Something to consider: Sometimes we can change the rules. If given
requirements A, B, and C, and we discover that “A” is not a solved probloem,
we could go ahead and invent a solution. Then again, perhaps we can push back
and ask if some lesser requirement A’ (which _is_ a solved problem) is
sufficient for success.

The converse is possible as well. Given requirements X, Y, and Z, all of which
are solved problems, sometimes we can raise our hands and say “Will we really
be successful implementing another Me-Too thingummy? If we take a chance and
try to add feature W—which is not a solved problem—we will have a competitive
advantage.”

I agree with your basic premise, but want to point out that given a certain
bias, we can sometimes fark around with the requirements to suit ourselves.
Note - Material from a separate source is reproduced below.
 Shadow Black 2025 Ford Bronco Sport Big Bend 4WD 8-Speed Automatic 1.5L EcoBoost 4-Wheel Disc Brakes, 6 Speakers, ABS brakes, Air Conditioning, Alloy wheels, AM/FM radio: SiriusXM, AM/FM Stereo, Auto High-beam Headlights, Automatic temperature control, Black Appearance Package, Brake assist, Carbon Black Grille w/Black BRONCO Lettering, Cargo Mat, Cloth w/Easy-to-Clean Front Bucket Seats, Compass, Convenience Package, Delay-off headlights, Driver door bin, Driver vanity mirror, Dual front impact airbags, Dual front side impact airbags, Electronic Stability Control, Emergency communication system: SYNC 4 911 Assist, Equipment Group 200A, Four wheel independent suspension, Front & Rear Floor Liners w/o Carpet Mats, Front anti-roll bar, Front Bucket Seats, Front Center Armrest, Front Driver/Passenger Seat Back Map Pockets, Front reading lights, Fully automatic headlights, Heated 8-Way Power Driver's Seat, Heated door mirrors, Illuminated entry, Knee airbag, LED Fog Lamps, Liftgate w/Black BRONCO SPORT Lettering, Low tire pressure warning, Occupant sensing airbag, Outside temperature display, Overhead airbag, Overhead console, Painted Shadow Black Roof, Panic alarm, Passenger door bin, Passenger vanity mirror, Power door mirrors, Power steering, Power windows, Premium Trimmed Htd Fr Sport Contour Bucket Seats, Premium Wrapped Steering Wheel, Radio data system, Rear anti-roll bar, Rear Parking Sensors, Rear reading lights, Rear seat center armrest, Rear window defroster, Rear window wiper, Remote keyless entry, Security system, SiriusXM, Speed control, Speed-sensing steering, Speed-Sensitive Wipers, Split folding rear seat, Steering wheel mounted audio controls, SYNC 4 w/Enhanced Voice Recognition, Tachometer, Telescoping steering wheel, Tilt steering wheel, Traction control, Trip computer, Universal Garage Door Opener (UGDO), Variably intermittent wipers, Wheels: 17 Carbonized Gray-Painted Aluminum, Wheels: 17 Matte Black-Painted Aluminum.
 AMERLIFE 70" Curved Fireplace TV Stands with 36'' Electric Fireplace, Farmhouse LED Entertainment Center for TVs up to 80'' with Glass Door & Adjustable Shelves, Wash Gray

So
a candidate in an interview could easily convince you that he _had_ to invent
a way to synchronize documents while supporting offline editing, but aother
candidate in the same situation might have avoided the requirement
necessitating invention in the first place. Or the reverse!

------
bugsy
> please describe the three most recent things you have invented

The "most recent" qualifier makes this a short answer, which would be:

Of the last three of my inventions, two are trade secrets and the third has
not completed the patent application process. I am not able to discuss any of
these. Would you rather discuss some of the patents I hold that are public
instead? While you are considering I would like to know what your company's
exact policy is regarding the projects and things I will be inventing outside
work hours using my own equipment. Obviously the policy will have a major
impact on whether I decide to consider accepting an offer to work here.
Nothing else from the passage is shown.